Monday, March 27, 2006

ALSO...

I was featured in a local publication, that was pretty cool. I also did a dessert that will be on the next month's cover. I am in no way a pastry chef. I did a creme brulee napoleon with crispy won ton skins. I will post that picture later. I was also offered a job as executive chef of a Marriott resort, that I am kicking around. I would hate to move again, my resume is pretty shaky for this last year with the move from Vegas to Florida and now again to ? The US census bureau stated that chefs move from job to job more than any profession. I know this and they know this but prospective employers do not. Some see this a sign of flakiness. I see it as an opportunist who knows a good thing when he or she sees it. Only sometimes it may not pan out the way you want it to. Only recently that this profession of ours has started to employ normal people. Before cooks were the dregs of society, convicts, nomads, unsociables. Now we get college grads, second careers, housewives and anybody who watches the food network and says, "I want to play with food." I wish their were more shows that showed what it is like behind the line on a busy night.
Since, I have you here let me share my frustration with servers again. We have been going through some front of the house changes in systems, how things are being done. In my kitchen I like for each course to be fired through a ticket. When the diner is ready for the next course, the server or whoever will go to the computer and fire the table. We will get the ticket and act on it. For whatever unknown reason in the universe of food and beverage they can not get this one simple request. They will walk by my expo station and tell me they are sorbet(ing) table something. I want my guys to be quick so I might tell them to fire that table but I also want it to be correct. I look at my tickets and I do not have that table, so I ask the server what table and he tells me another fictional table. I ask him how many restaurants are you working in tonight? He looks at me like a deer in headlights and goes to check what table he has. (???????????) The next night we have only one person, the captain (who is 18yrs old) take the orders and enters them in, he takes his handwritten ticket to my expo and hangs it for the back servers to get salads and whatever. The problem here lies is this, they can't read his writing and he forgets the table number and gets their seats wrong. CLUSTERFUCK!!!! The two back servers, we will call them Clifford and Fonzi, start to get the salads and Clifford asks Fonzi if he got the salads for THIS table, to which Fonzi replies what table? CLifford says I don't know the number do you? How should I know the number your getting the salads. While this is going on my crew starts laughing out loud because you couldn't script this any better than Abbott and Costello, Who's on first?
This goes on all night long and I do mean long. Keep in mind that we do tableside cooking: salads, apps, entrees and desserts. The Manager wants to be the only one to cook tableside so he can get a cut of the tips.
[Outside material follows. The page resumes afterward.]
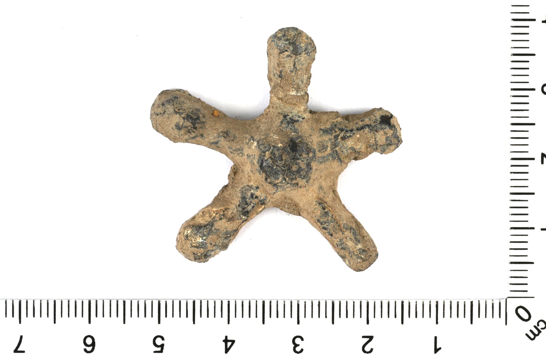 | Viisisakarainen kupariseosesineen katkelma. Mahdollisesti valujätettä. | |

He can NOT cook for shit. So when the server fires the ticket and there is tableside cooking he backs us up by ten to fifteen minutes because he is not ready to cook or does not have his mise en place, or has several tables needing tableside and he wants to do ALL the cooking.

It has been a while....

Sorry to everybody and thanks to celebchef for unwilling me and motivating me to blog again.
Lets get you up to speed. I am used to working in large hotels, I have recently taken an Exec. Chef at a smaller hotel. I run three outlets, fine dining, casual dining and banquets. Recently my food and beverage director left and they replaced him with a former manager who they fired before. He and I do not see eye to eye, That is putting it lightly. Chef's in general are controlling, protective of their territory, and just can not stand people who do NOT understand our business. We have a low tolerance for stupidity. That said, my new boss tried to bulldoze his way the first day I met him. Saying we are changing the menu without even seeing my menu that I have been costing out for a few weeks. Saying we will use his purveyors and his only. He is an old school person and not really willing to try new things. I wanted to go with a seasonal menu and feature fresh Florida produce and seafood. He wants veal marsala. So you see my anguish. I tried to go head on with him and I just don't want the stress. I tried to compromise but that isn't really going so well. I am just letting him do his thing and finding it very amusing. He asked me to give him some menu items and he will price them. He didn't even have the invoices to find out what each portion costs, he was guesstimating. Hmmmm, lobster twelve dollars? Maybe, so I will charge $36.00. I try to help and offer that he needs to add the cost of bread and butter and the salad and the sorbet to his cost. He tells me, "Oh that is about two dollars. I went to Sam's Club and walked around with a calculator." WHAT THE FUCK?????????